■ The problem: Please return only the lines from the one with "1900 $10 Liberty." through the final line of the data, unchanged, with pictures omitted.

■ Raw data:
========

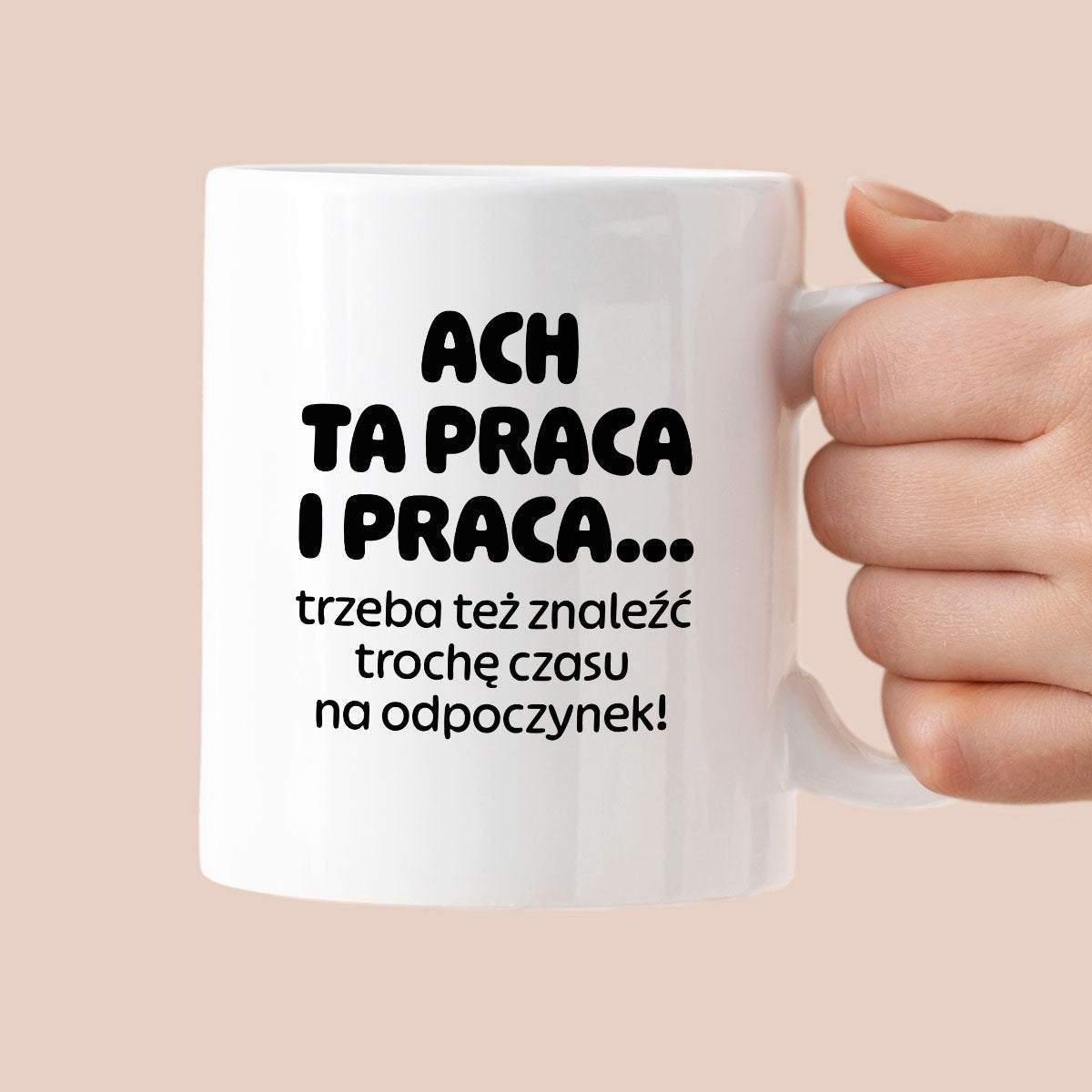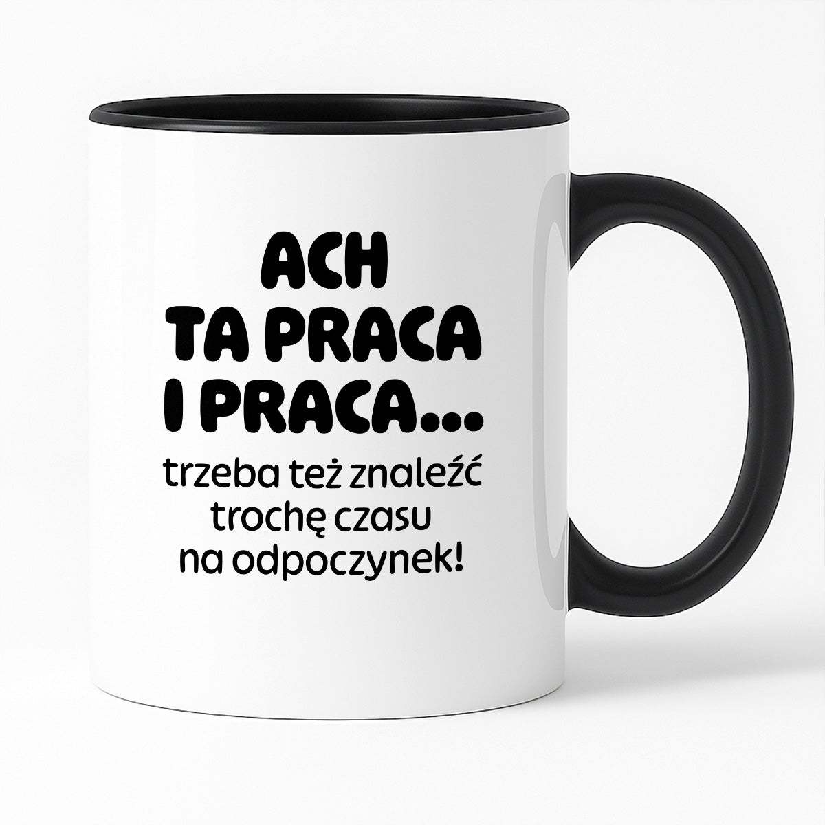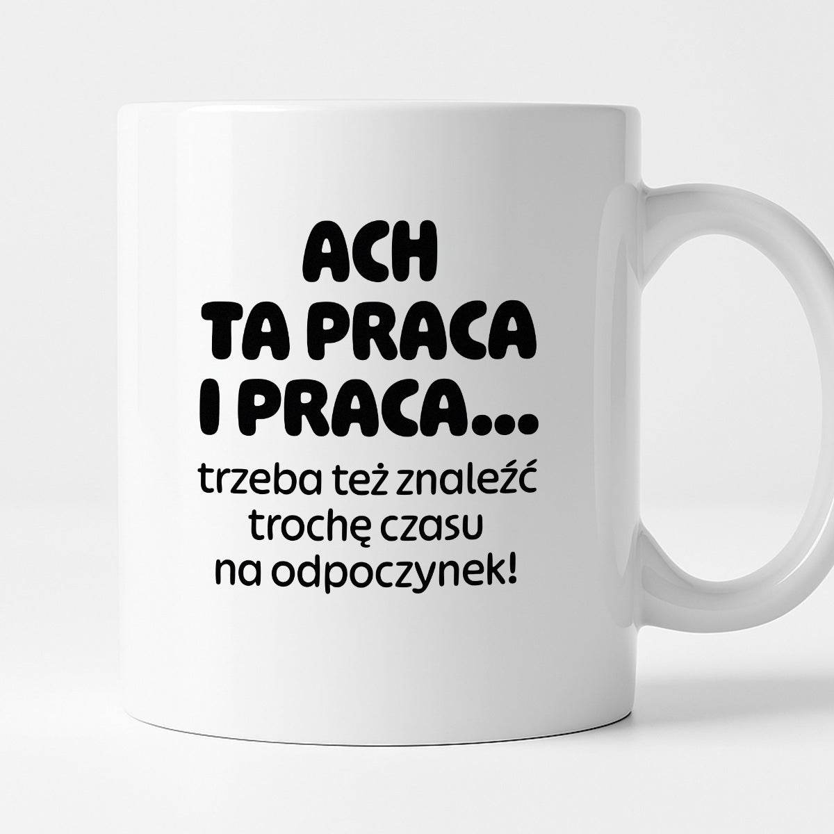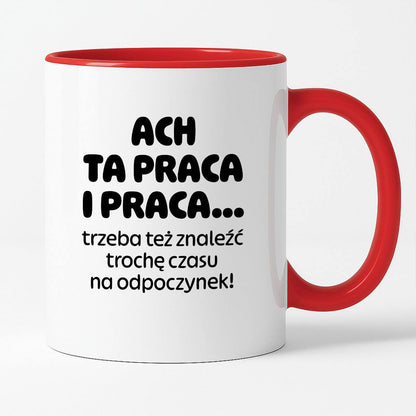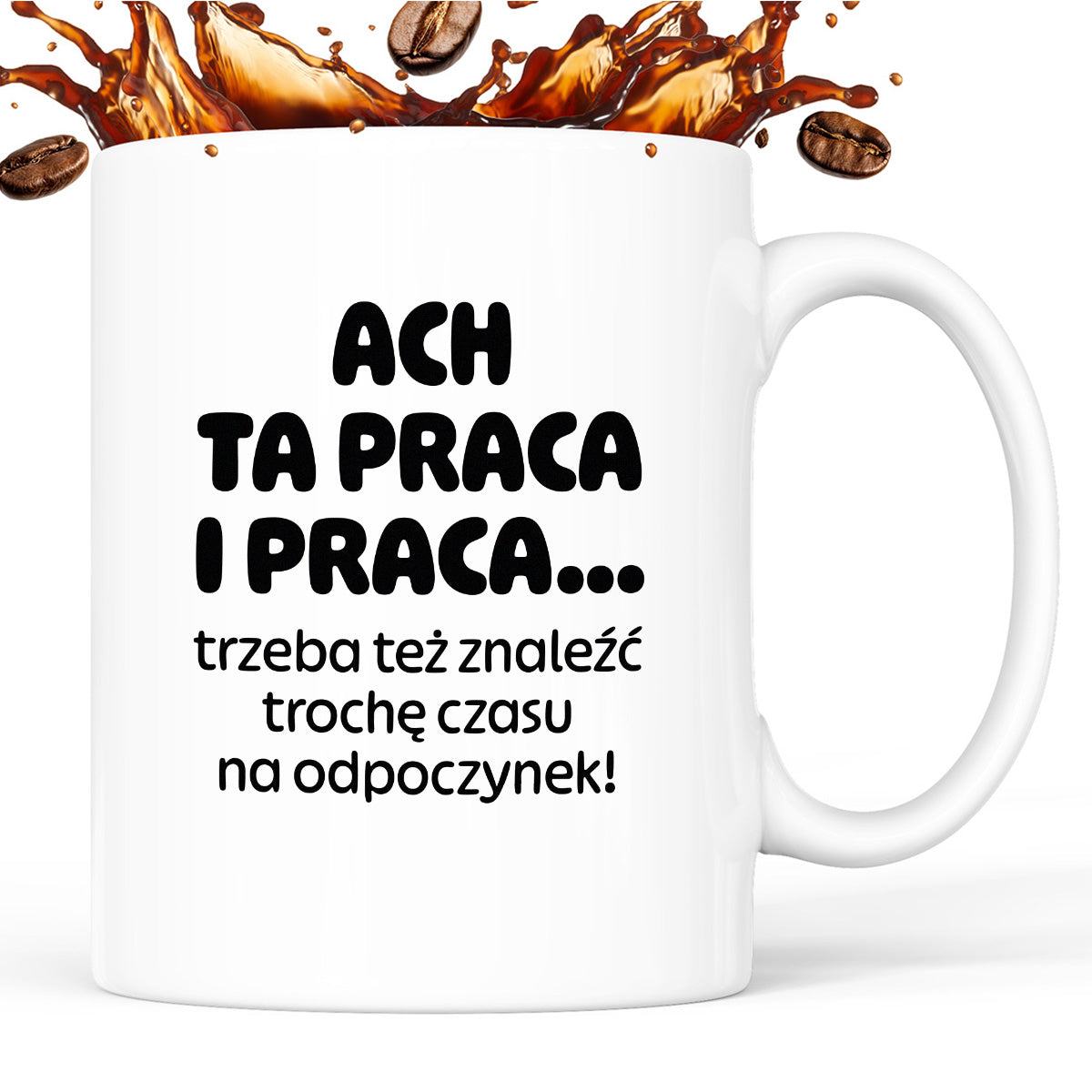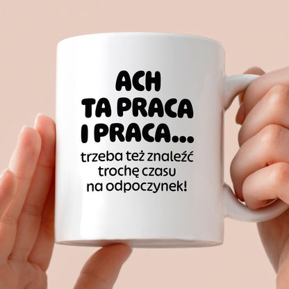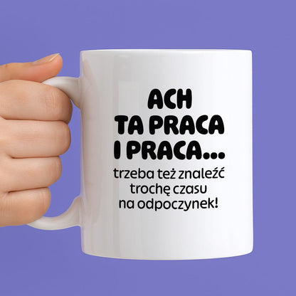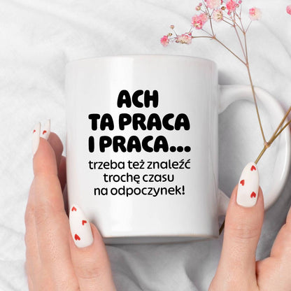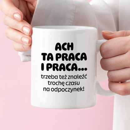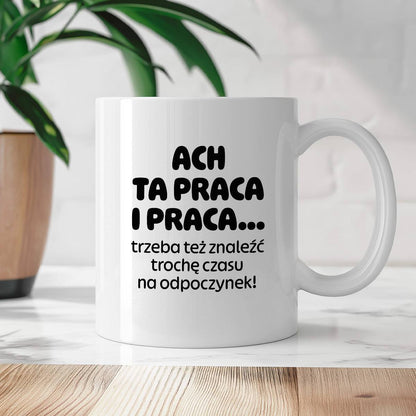 Kubek z nadrukiem - "ACH TA PRACA I PRACA... trzeba też znaleźć trochę czasu na odpoczynek!"
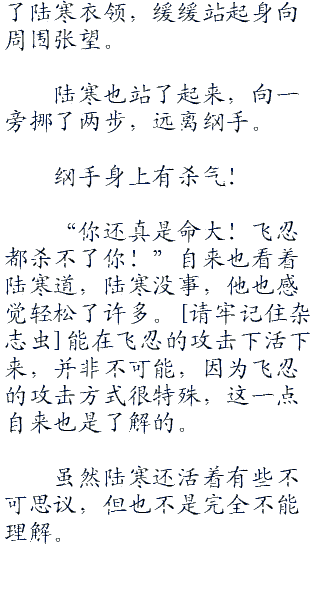 刺目的火光照射下,陆寒紧握着在滴血的刀,他的手臂有些颤抖,一条腿抖动的更加剧烈,似乎将要站立不住。他的双眼中充斥着紧张、愤怒,以及杀意,血丝密布。
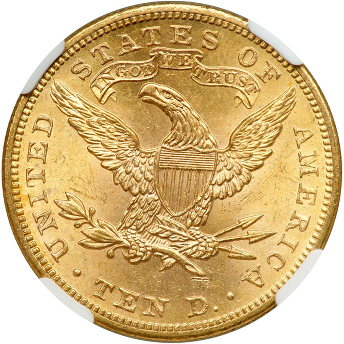 1900 $10 Liberty. NGC graded MS-65. Well struck and frosty with even gold toning on both sides. There is something of an explosion of fine luster here! Readers will notice the velvety to satin-like fields almost stagger under the weight of its highly attractive gold color. A hint of weakness that is sometimes seen on the Liberty series is entirely missing on this razor-sharp specimen, with the key central areas strongly hit by the dies. Pop 60; 4 finer in 66 (PCGS # 8745) .
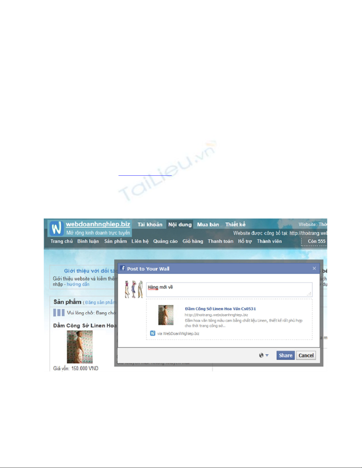 website, bạn có tùy chọn đưa hàng lên facebook của bạn.

========

■ Exercise solution:
 1900 $10 Liberty. NGC graded MS-65. Well struck and frosty with even gold toning on both sides. There is something of an explosion of fine luster here! Readers will notice the velvety to satin-like fields almost stagger under the weight of its highly attractive gold color. A hint of weakness that is sometimes seen on the Liberty series is entirely missing on this razor-sharp specimen, with the key central areas strongly hit by the dies. Pop 60; 4 finer in 66 (PCGS # 8745) .
 website, bạn có tùy chọn đưa hàng lên facebook của bạn.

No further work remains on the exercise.